Пега была более прямолинейна:
– Мы все думали, что ты утоп, Северьян!
Я спросил Одило, где его вторая спутница, но тотчас же сам увидел ее, когда за борт хлынул очередной поток воды. Как женщина мыслящая, она вычерпывала из лодки воду и, как женщина, мыслящая здраво, делала это по ветру.

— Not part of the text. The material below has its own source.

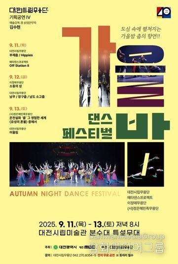 시민행정신문 기자 | 대전시립무용단은 오는 9월 11일부터 13일까지 사흘간 오후 8시, 대전시립미술관 분수대 특설무대에서 제24회 기획공연 ‘가을밤 댄스 페스티벌’을 개최한다. 올해 공연은 시립무용단 창단 40주년을 기념해 지역의 대표 무용단들과 함께 꾸며지며, 시민 누구나 무료로 관람할 수 있다.

– Она здесь, сьер. Мы теперь в полном сборе, сьер. Сам я первым добрался до этого судна. – Одило с простительным самодовольством выпятил грудь. – И сумел оказать дамам посильную помощь, сьер. Но тебя, сьер, никто не видел, с тех пор как мы связали свою судьбу с бушующей стихией, если мне будет дозволено таким образом сформулировать свою мысль, сьер. Мы весьма рады, сьер, даже, можно сказать, в восторге… – Тут он опомнился: – Молодой офицер твоего сложения и несомненной доблести, безусловно, не мог испытать особых затруднений там, где даже такие робкие люди, как мы, добрались благополучно. Хотя это было не так просто, сьер, совсем не просто. Но юные дамы беспокоились за тебя, сьер, и я надеюсь и верю, что ты простишь их за это.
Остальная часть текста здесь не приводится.